Но где же порог – эволюционный порог, если хотите, – который определяет, допустимо ли считать другое существо сознательным? Если мы в большинстве своем думаем, что мидии несознательны, и опять же в большинстве своем считаем, что обезьяны сознательны, то где-то между этими двумя видами у живых существ должно появиться сознание (или, по крайней мере, наше восприятие такового). То, что некоторые из нас готовы варить живых омаров, в то время как другие категорически отказываются, позволяет мне предположить, что омары находятся где-то близко к этому предполагаемому критическому порогу. Впрочем, многие из нас не озадачиваются вопросом, сознательны ли мидии, а потому преспокойно бросают их в кипяток.
* * *
Критический диапазон между бессознательным и сознательным имеет огромное значение, когда родственники принимают решение у постели тяжелобольного. На больничной койке в отделении интенсивной терапии пациенты редко ведут себя как здоровые люди. Как правило, они не шевелятся и редко реагируют на внешние раздражители. Хотя неподвижные пациенты внешне и не похожи на мидии, поведением они напоминают моллюсков. Внешний вид людей, которых мы знаем и любим, часто сильно меняется после несчастного случая: лица обезображены, конечности непоправимо повреждены, вывернуты или вообще отсутствуют.

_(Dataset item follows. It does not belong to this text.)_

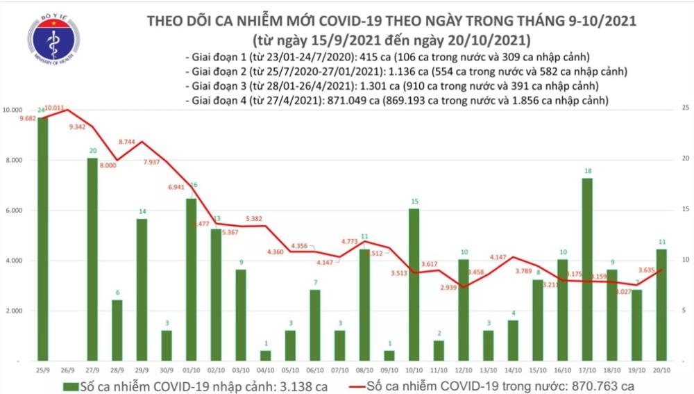 - Tính từ 17h ngày 19/10 đến 17h ngày 20/10, trên Hệ thống Quốc gia quản lý ca bệnh COVID-19 ghi nhận 3.646 ca nhiễm mới, trong đó 11 ca nhập cảnh và 3.635 ca ghi nhận trong nước (tăng 608 ca so với ngày trước đó) tại 50 tỉnh, thành phố (có 1.810 ca trong cộng đồng).

Эти факторы, несомненно, заявляют о себе в те моменты, когда мы задумываемся, сохранил ли пострадавший способность осознавать реальность (точно так же мы смотрим на нечеловекоподобных существ). Если пациенты не ведут себя как люди и даже не выглядят людьми, то и поверить в то, что они не мыслят как люди, гораздо легче. В свою очередь, данные факторы влияют на нашу склонность решать, должен ли человек, которого мы любим, жить или ему лучше умереть. Будет ли труднее отключить от аппарата жизнеобеспечения пациента, чья внешность при аварии почти не пострадала, чем изуродованного до неузнаваемости? Почему? Однажды, когда мы разговорились с Филом, братом Морин, он признался, что многие годы семья мучительно раздумывала, стоит ли лечить Морин в случае осложнений или инфекций или позволить ей умереть естественным путем. Не знаю, повлиял ли внешний вид Морин на их решение (она выглядела прекрасно, совсем не изменилась), но уверен, что легче им от этого не было.
Нам известно тоже, что принять решение, жить ли ему или умереть, так же трудно, если пациент упустил свой шанс и вошел в серую зону, оказался в вегетативном состоянии, то есть вроде бы пришел в себя, однако ничего не сознает и ни на что не реагирует. И практически невозможно – если врачи или родственники замечают у него хотя бы мельчайшую физическую реакцию, например едва заметное моргание, лишь бы она указывала на то, что в неподвижном теле сохранилось сознание.